-- Material to process --
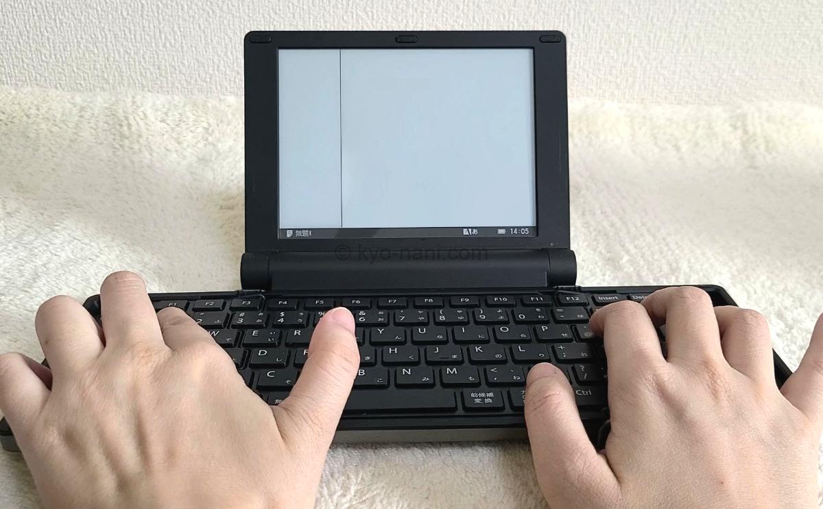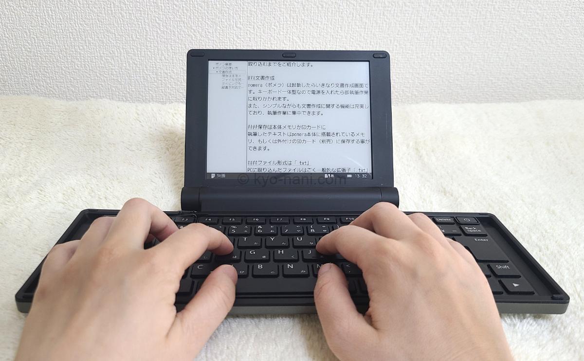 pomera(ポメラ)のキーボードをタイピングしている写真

...

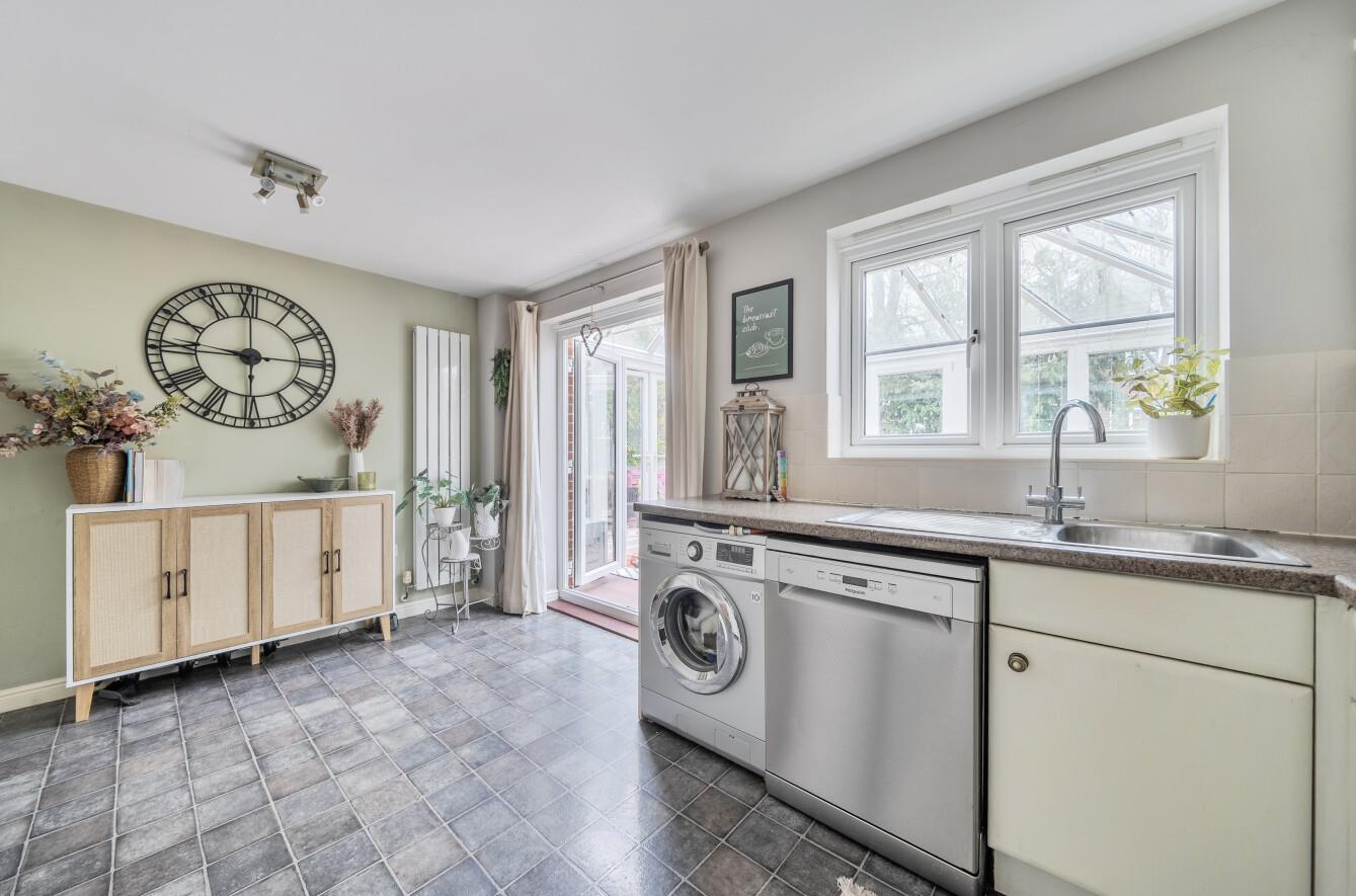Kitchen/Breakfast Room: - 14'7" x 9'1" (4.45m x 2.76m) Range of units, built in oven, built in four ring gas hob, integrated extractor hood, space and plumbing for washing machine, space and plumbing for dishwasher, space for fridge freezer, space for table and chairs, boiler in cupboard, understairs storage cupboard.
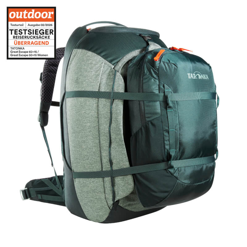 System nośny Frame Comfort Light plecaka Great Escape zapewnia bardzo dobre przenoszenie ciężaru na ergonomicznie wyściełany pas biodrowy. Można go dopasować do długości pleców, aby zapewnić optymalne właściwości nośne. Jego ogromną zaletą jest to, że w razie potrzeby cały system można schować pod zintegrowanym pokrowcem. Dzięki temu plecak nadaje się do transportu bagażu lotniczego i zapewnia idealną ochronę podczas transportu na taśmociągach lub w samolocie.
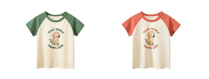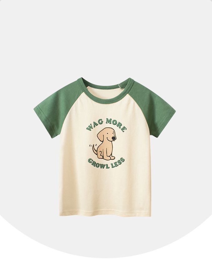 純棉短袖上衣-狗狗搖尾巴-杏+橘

-- Task statement --
Within the entries above, give again exactly the lines starting at the one that contains "System nośny Frame" and ending at the one that contains "純棉短袖上衣-狗狗搖尾巴-杏+橘", leaving out the pictures.

-- Response --
 System nośny Frame Comfort Light plecaka Great Escape zapewnia bardzo dobre przenoszenie ciężaru na ergonomicznie wyściełany pas biodrowy. Można go dopasować do długości pleców, aby zapewnić optymalne właściwości nośne. Jego ogromną zaletą jest to, że w razie potrzeby cały system można schować pod zintegrowanym pokrowcem. Dzięki temu plecak nadaje się do transportu bagażu lotniczego i zapewnia idealną ochronę podczas transportu na taśmociągach lub w samolocie.
 純棉短袖上衣-狗狗搖尾巴-杏+橘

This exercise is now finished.